A very sleepy Lady Diana answered. “The king is not here,” she said.
“Don’t you mean the prince?” said Emerald.
“The prince is not here either.”
“I didn’t ask for the king,” Emerald said. “Or the prince.”
“That was clever of you, because neither of them is here.”
“Diana, come down to my stateroom. I’ll order some pick-me-ups. I simply can’t face the day without one. And certainly not the sea.”
“Oh, Maudie sweet, I’m afraid it’s simply impossible for us to face the day under any circumstance. And we’re quite beyond being picked up. Poor old Duffie can’t even lift his chin. He’s snoring over there looking like a lovely beached walrus.” She made a kissing sound. “I adore walruses, especially beached.”
“Diana, I’ve no doubt His Royal Highness is going to require a full day of us. We should prepare ourselves. And I must confess I’m bored. I’ve been by myself for hours and hours and I never realized I was so utterly boring.”
“You’re not boring, Maudie darling. But we certainly are at the moment. I think we may even be dead. We’ll do whatever His Royal Highness requires of us, but I’m afraid we’ll have to do it without waking up. Bye-bye, darling. I’m asleep.”
Silence followed. Emerald called the Mountbattens. No one answered after seven rings, though she knew that did not necessarilly mean no one was there. She’d seen Edwina talk on through almost continuous ringing of her telephone while paying it absolutely no attention at all.
Her Ladyship then rang Fruity Metcalfe, and then Lord Brownlow, but neither responded. That would definitely mean they weren’t in their cabins. Likely they were outside th
e prince’s suite, with the Scotland Yard detective.
Emerald did not dare call up the prince or Mrs. Simpson. One simply did not risk irritating him, for sometimes he became quite angry about the telephone.

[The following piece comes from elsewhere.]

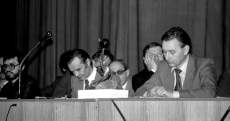 Вручение «Аэлиты». Фэны показывают шаржи на Зиновия Юрьева (Москва) и Владислава Крапивина (Свердловск). В президиуме (слева направо): ?, Владимир Гопман (Москва), Станислав Мешавкин (Свердловск), Сергей Павлов (Красноярск), ? (Архив: Коблов В. (Екатеринбург); Фото: Коблов В. (Екатеринбург); Обработано: Кузовлев И. А. (Екатеринбург), Зубакин Ю. Ю. (Челябинск))
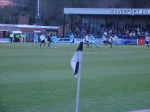 Back in the bar it was tempting to stay for the darts with the temperature falling below zero. Lolly was even regreting not going with CMF to the shops it got that cold. With twenty minutes to go Lewes at last produced their first chance of the game when Keehan’s shot is well saved by Dover keeper Hook. At this point I had wandered into the corner to take some pictures. Four young Dover fans decided to abuse me at the highest level – “Oh mate…Lewes are shit…how did you score 6 against us last week.” I stood up, thought about it and then explained what the net was, what a goal was and repeated it six times. They thought about it in their tiny heads before one of them said, “Yeah but you wont score six today”..brilliant wit.

She took a long, deep breath and then reached for the phone once more. Nancy didn’t answer, but the wretched black man did, almost incoherent with sleep, or something else. “What is it, Mr. Crowder?” she might have asked. “Drugs, drink, or my daughter?”
Instead she quietly asked for Nancy. Crowder mumbled something, and then Nancy came on, very sharp and crisp, almost brittle.
“Mother dear,” she said. “How sweet of you to call.”
“Nancy. I want you to come up here at once.”
“No, no. Quite, quite. Much too terribly busy. Henry and I are thinking up ways to get our picture into the New York papers when we arrive. I thought perhaps I might have him carry me down the gangplank.”
“Nancy!”
“‘The English Lady,’ they’ll write, ‘borne by her black brute.’”
“Nancy! I want you up here. Not just for the moment but for the rest of the voyage.”
“I’m more than content here, mother. These are far better accommodations than I’m used to in my travels. Quite, quite.”
“I’m paying for those quarters.”
“Is that a problem, mother? I heard your investments were in trouble. Perhaps Henry and I had best move down to third cabin. There aren’t many there, I daresay. There’s hardly anyone at all aboard this ghastly ghostly ship.”
“Please don’t be so difficult.”
“Can’t be helped. As Michael Arlen said, I’m just a more beautiful version of you.”
“Nancy. I had hoped—I’d intended—that this be a reconciliation, and you won’t even come up and talk to me.”
“Not while your surrounded by all those toffs.”
“Don’t use that vulgar, lower-class word.”
“Come down here, Mother. We can meet in the second-class lounge. I bet you’ve never seen one.”
“Don’t be ridiculous, Nancy.”
“There are some very nice sorts down here, Mummy. I was with an extremely nice gentleman last night, in fact, and he gave me an extremely nice and very gentlemanly fuck.”